» **ASSIGNMENT**:
Among the lines of the listing below, retype exactly those from the one containing "Figure 2C showed" through the one containing "Caption: Don Juan", both included. Do not include pictures.

» **INPUT DATA**:
Segment Open

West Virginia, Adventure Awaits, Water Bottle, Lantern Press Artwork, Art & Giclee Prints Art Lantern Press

Segment Closed
Segment Open

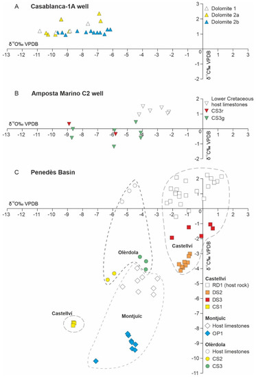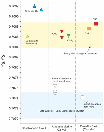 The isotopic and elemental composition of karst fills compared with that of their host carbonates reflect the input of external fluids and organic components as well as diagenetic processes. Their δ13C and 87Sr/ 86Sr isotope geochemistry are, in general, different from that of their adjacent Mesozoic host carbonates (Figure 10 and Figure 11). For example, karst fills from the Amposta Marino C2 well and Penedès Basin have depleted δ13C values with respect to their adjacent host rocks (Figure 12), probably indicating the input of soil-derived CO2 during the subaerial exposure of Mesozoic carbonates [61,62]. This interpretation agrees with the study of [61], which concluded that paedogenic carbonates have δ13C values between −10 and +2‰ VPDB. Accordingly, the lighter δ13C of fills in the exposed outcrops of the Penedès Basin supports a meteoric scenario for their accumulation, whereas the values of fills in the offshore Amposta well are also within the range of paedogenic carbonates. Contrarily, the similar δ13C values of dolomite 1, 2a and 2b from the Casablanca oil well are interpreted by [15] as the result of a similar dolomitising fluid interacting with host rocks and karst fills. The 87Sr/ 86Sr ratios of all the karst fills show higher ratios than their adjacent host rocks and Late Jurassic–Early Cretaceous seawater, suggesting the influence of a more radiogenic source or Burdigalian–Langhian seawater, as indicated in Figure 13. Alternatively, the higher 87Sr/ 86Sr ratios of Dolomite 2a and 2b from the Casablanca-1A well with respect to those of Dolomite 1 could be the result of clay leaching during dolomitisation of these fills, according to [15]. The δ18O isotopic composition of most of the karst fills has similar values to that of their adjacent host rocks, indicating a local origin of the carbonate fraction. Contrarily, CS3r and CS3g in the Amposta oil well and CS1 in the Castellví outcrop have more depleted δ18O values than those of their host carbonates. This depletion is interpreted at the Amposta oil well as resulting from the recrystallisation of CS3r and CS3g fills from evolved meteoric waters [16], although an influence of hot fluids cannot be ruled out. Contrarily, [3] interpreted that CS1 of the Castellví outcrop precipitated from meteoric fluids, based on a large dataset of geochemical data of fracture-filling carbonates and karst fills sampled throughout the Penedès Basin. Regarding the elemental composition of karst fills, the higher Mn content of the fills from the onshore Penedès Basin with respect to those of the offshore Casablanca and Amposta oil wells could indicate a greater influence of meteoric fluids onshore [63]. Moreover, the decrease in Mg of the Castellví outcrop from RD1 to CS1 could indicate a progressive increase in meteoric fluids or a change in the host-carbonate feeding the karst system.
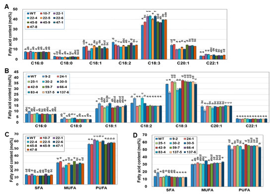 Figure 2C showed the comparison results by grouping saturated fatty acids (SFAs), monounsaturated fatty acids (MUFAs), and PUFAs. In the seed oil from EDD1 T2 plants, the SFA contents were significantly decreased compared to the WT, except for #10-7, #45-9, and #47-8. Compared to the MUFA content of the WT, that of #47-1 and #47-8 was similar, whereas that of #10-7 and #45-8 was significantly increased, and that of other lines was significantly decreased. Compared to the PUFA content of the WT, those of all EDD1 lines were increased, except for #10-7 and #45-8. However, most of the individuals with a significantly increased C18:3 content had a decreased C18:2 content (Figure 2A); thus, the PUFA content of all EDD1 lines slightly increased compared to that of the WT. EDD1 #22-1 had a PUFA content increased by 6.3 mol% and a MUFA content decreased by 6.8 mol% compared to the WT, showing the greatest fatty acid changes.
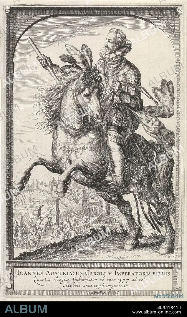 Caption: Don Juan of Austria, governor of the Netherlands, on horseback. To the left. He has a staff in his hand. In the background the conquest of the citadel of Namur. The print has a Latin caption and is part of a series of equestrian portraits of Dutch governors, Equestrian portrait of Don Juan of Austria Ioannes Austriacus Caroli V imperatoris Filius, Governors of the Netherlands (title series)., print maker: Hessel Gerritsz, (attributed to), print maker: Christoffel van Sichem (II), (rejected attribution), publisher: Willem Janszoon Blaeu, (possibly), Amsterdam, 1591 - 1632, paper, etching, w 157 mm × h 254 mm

Segment Closed

» **OUTPUT OF THE EXERCISE**:
 Figure 2C showed the comparison results by grouping saturated fatty acids (SFAs), monounsaturated fatty acids (MUFAs), and PUFAs. In the seed oil from EDD1 T2 plants, the SFA contents were significantly decreased compared to the WT, except for #10-7, #45-9, and #47-8. Compared to the MUFA content of the WT, that of #47-1 and #47-8 was similar, whereas that of #10-7 and #45-8 was significantly increased, and that of other lines was significantly decreased. Compared to the PUFA content of the WT, those of all EDD1 lines were increased, except for #10-7 and #45-8. However, most of the individuals with a significantly increased C18:3 content had a decreased C18:2 content (Figure 2A); thus, the PUFA content of all EDD1 lines slightly increased compared to that of the WT. EDD1 #22-1 had a PUFA content increased by 6.3 mol% and a MUFA content decreased by 6.8 mol% compared to the WT, showing the greatest fatty acid changes.
 Caption: Don Juan of Austria, governor of the Netherlands, on horseback. To the left. He has a staff in his hand. In the background the conquest of the citadel of Namur. The print has a Latin caption and is part of a series of equestrian portraits of Dutch governors, Equestrian portrait of Don Juan of Austria Ioannes Austriacus Caroli V imperatoris Filius, Governors of the Netherlands (title series)., print maker: Hessel Gerritsz, (attributed to), print maker: Christoffel van Sichem (II), (rejected attribution), publisher: Willem Janszoon Blaeu, (possibly), Amsterdam, 1591 - 1632, paper, etching, w 157 mm × h 254 mm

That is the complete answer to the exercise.